Let’s see: covering Centennial Pool will cost $3.2 million, with operational costs of about $250,000. Over five years that works out to about $4.4 million in total costs to the town; in 10 years the cost is $5.7 million. new pool at the Y, in 10 years, will be about , uh, $5.7 million – based on the town giving/lending the Y the capital costs, plus the $100,000 or so the town would have given the Y for operating costs in the first four years (and not including any fundraising the Y has done for the project – that’s estimated to be around $600,000).
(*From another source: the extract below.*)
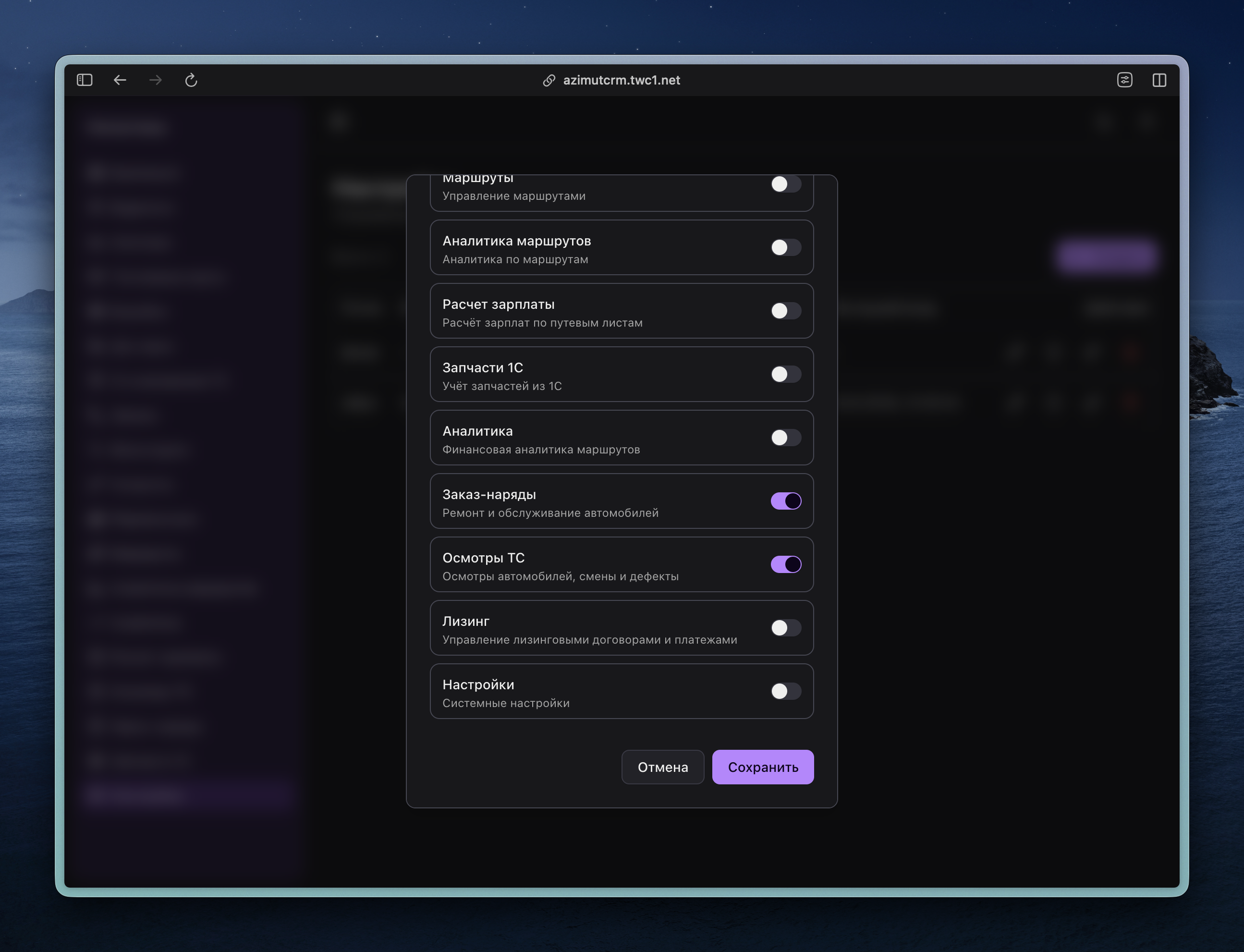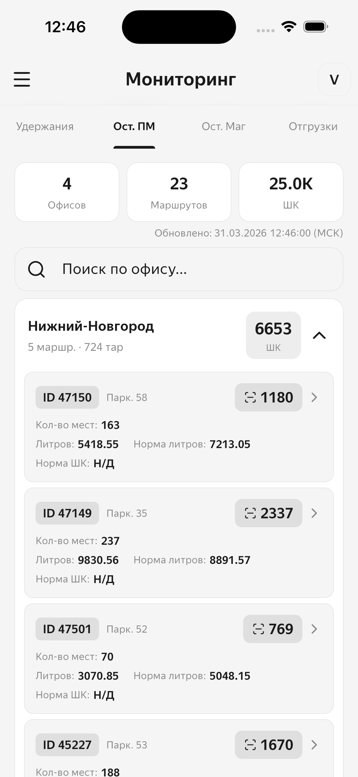 В зависимости от тарифа доступны: мониторинг, отгрузки, остатки ПМ, осмотры ТС и другие.

The Y pool, at that point, would be paid for, from a town perspective, while Centennial Pool would be, uh, still being paid for in operating costs.

Moving on…

Meanwhile, a keen-eyed Underground readers stumbled across this snippet in the town’s Official Plan, Sec. 3.2.2:

To promote, on the basis of appropriate feasibility studies, the establishment of a multi-use recreational facility to replace aging facilities such as the Curling Club, the Collingwood Fitness Centre and the Centennial Pool.

Of course, we decided not to go down the road of doing a feasibility study based on, the, uh, ‘feasibility’ of doing a study… Though, I guess it could be argued that it wasn’t really a feasibility study; it was to hire a consultant to see if there were any funding opportunities out there, or whether a private partnership could be formed – a process that would have cost $40,000, for which the money was in the budget (and, based on some of cipherin’, worked out to a shocking $3.30 on my tax bill…)

See you at 4 p.m.! Will it be 50 people, or 500? Don’t forget – a round of beer is on the line!